Kuzu - Graph Database (original) (raw)

Kuzu implements a structured property graph model and requires a pre-defined schema.

Persistence

Kuzu supports both on-disk and in-memory modes of operation. The mode is determined at the time of creating the database, as explained below.

On-disk database

If you specify a database path when initializing a database, such as example.kuzu, Kuzu will operate in the on-disk mode. In this mode, Kuzu persists all data to disk at the given path. All transactions are logged to a Write-Ahead Log (WAL) and updates are periodically merged into the database files during checkpoints.

In-memory database

If you omit the database path, by specifying it as "" or :memory:, Kuzu will operate in the in-memory mode. In this mode, there are no writes to the WAL, and no data is persisted to disk.

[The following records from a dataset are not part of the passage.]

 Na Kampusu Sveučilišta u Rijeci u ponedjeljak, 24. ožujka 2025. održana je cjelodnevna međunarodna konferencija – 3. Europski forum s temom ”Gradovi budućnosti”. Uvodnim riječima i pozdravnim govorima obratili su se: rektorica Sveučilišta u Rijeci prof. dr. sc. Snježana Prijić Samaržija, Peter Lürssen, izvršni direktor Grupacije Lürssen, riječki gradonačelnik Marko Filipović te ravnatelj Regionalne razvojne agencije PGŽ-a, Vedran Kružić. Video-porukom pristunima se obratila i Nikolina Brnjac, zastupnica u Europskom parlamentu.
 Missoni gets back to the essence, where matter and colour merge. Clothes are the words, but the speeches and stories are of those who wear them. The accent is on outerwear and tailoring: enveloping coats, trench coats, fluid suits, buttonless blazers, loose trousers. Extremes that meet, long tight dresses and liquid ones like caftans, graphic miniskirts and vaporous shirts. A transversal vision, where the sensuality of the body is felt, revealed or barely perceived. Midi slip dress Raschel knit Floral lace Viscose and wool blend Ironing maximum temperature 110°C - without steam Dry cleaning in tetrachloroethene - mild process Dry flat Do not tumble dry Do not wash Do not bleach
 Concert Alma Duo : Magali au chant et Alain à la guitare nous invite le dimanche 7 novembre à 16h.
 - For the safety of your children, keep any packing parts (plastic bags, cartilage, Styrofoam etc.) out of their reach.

All data is lost when the process finishes.

Quick start

Ensure that you have installed Kuzu using the CLI or your preferred client API. Also download the example CSV files from our GitHub repo.


mkdir ./data/

curl -L -o ./data/city.csv https://raw.githubusercontent.com/kuzudb/kuzu/refs/heads/master/dataset/demo-db/csv/city.csv

curl -L -o ./data/user.csv https://raw.githubusercontent.com/kuzudb/kuzu/refs/heads/master/dataset/demo-db/csv/user.csv

curl -L -o ./data/follows.csv https://raw.githubusercontent.com/kuzudb/kuzu/refs/heads/master/dataset/demo-db/csv/follows.csv

curl -L -o ./data/lives-in.csv https://raw.githubusercontent.com/kuzudb/kuzu/refs/heads/master/dataset/demo-db/csv/lives-in.csv

In this example, we will create a graph with two node types, User and City, and two relationship types, Follows and LivesIn.

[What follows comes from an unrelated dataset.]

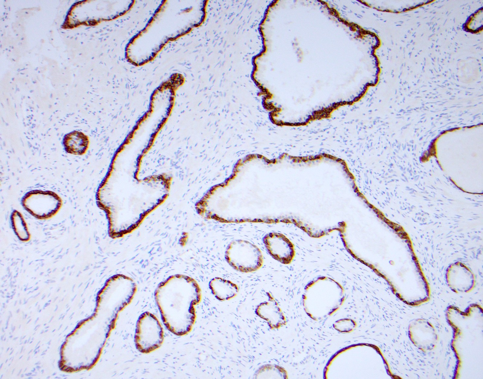 - Stains prostatic basal cells, even after destaining H&E slides, whose presence rules out usual type prostatic adenocarcinoma (Hum Pathol 2000;31:1155)

Because Kuzu is an embedded database, there are no servers to set up. You can simply import thekuzu module in your code and run queries on the database. The examples for different client APIs below demonstrate how to create a graph schema and import data into an on-disk Kuzu database.


import kuzu

def main():

    # Create an empty on-disk database and connect to it

    db = kuzu.Database("example.kuzu")

    conn = kuzu.Connection(db)

    # Create schema

    conn.execute("CREATE NODE TABLE User(name STRING PRIMARY KEY, age INT64)")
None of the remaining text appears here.